Die Genvariante ApoE4 gilt schon lange als wichtigster genetischer Risikofaktor für eine im Alter auftretende Alzheimer-Demenz: Wer sie besitzt, hat im Vergleich zu den Nicht-Träger*innen ein zwölfmal so hohes Risiko, an Alzheimer zu erkranken. Die nah verwandte Genvariante ApoE3, die beim Menschen am häufigsten vorkommt, erhöht die Anfälligkeit für das Leiden hingegen anscheinend nicht. Der Grund für diesen Unterschied war bislang unklar.
Eine Studie in der Fachzeitschrift „Nature Metabolism“ ist der Ursache jetzt auf der Spur: Wenn Glukose knapp ist, können Neuronen, die dem ApoE3-Protein ausgesetzt sind, langkettige Fettsäuren als alternative Energiequelle nutzen. Dieser lebenswichtige Stoffwechselweg ist im ApoE4-Gehirn blockiert.
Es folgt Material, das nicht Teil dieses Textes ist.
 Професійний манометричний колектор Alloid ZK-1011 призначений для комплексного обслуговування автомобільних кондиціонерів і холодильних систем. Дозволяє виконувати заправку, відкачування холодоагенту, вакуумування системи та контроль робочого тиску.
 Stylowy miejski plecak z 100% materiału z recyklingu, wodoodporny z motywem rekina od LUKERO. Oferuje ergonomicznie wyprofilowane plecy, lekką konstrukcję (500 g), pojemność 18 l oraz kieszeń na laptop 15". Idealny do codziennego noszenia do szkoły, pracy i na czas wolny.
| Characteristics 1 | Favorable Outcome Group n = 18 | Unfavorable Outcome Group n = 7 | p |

„Die Fähigkeit, Glukose zu verwerten, nimmt im alternden Gehirn ab, sodass die Nervenzellen gezwungen sind, alternative Energiequellen zu nutzen“, erklärt Letztautor Professor Thomas Willnow, der am Max Delbrück Center die Arbeitsgruppe „Molekulare Herz-Kreislaufforschung“ leitet und am Institut für Biomedizin der Universität Aarhus in Dänemark eine Professur innehat. „ApoE4 hindert die Neuronen anscheinend daran, Fette als alternative Energiequelle zu nutzen, wenn die Versorgung mit Glukose nachlässt.“
Experimente mit Mäusen und menschlichen Neuronen
Das Gehirn verbraucht etwa ein Fünftel der im Körper vorhandenen Glukosezufuhr. Mit zunehmendem Alter nimmt seine Fähigkeit, den Zucker zu verstoffwechseln, jedoch ab. Dieses Nachlassen ist sowohl Teil normaler Alterungsprozesse als auch einer Alzheimer-Demenz – und es nimmt in der Regel schon viele Jahre, bevor die ersten Symptome der Krankheit auftreten, seinen Lauf.
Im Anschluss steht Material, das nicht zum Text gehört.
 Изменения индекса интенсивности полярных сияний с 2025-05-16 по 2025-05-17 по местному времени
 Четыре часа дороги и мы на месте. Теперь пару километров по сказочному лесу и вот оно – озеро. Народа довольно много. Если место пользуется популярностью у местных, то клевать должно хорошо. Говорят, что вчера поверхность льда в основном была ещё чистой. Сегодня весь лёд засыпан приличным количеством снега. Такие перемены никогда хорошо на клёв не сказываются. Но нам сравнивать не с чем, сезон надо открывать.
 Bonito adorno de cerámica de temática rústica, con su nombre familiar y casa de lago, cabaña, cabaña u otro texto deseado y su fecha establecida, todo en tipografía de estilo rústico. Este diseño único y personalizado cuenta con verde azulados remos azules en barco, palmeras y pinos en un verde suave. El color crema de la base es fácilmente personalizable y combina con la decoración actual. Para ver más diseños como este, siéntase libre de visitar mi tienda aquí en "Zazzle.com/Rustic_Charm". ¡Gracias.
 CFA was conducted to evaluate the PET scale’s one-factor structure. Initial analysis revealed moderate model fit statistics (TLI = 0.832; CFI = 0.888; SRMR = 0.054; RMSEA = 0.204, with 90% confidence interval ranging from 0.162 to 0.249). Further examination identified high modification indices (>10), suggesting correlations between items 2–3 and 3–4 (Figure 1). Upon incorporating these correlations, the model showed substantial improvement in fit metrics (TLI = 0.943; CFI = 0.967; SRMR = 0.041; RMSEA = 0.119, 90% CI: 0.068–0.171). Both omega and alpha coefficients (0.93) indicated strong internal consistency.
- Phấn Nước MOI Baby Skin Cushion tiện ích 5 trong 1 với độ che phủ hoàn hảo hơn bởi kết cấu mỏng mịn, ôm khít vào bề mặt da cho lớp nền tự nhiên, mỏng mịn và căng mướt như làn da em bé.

ApoE, das vom ApoE-Gen kodierte Protein, gehört zu einer Familie fettbindender Proteine, den Apolipoproteinen. Im zentralen Nervensystem wird ApoE vor allem von bestimmten Gehirnzellen, den Astrozyten, freigesetzt. Es hilft dabei, Lipide zu den Neuronen zu transportieren.
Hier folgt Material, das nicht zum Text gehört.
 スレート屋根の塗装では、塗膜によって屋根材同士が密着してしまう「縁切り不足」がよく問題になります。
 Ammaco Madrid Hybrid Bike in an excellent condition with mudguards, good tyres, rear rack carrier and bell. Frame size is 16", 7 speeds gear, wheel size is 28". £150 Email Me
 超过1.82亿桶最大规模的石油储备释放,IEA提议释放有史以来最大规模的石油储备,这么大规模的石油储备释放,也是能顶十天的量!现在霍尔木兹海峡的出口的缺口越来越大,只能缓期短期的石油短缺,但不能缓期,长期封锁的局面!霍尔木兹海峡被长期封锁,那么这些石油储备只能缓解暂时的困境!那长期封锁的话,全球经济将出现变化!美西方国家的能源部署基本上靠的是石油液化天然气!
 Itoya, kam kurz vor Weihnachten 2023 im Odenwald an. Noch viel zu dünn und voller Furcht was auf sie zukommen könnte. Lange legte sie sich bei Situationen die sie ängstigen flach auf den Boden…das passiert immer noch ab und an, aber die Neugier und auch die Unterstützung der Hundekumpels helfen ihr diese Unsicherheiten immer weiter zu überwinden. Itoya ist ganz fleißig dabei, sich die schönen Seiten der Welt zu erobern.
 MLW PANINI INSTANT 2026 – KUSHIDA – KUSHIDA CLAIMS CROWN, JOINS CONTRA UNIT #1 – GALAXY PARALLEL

Um zu verstehen, warum die ApoE4-Variante das Risiko für Alzheimer im Vergleich zu ApoE3 so dramatisch erhöht, haben die beiden Erstautorinnen der Studie, Dr. Anna Greda, Assistenzprofessorin in Willnows Arbeitsgruppe in Aarhus, und Dr. Jemila Gomes, die dort promoviert hat und nun als Postdoc in Willnows Berliner Team forscht, mit den Technologieplattformen „Pluripotent Stem Cells“ und „Electron Microscopy“ des Max Delbrück Center zusammengearbeitet. Die Forschenden verwendeten gentechnisch veränderte Mäuse, die das menschliche ApoE3- oder ApoE4-Gen trugen. In ihrem Mausmodell fanden sie heraus, dass das Protein ApoE3 mit einem Rezeptor namens Sortilin interagiert, um Fettsäuren in die Nervenzellen zu transportieren. ApoE4 hingegen stört die Funktion von Sortilin und verhindert so die Aufnahme der Lipide in die Neuronen.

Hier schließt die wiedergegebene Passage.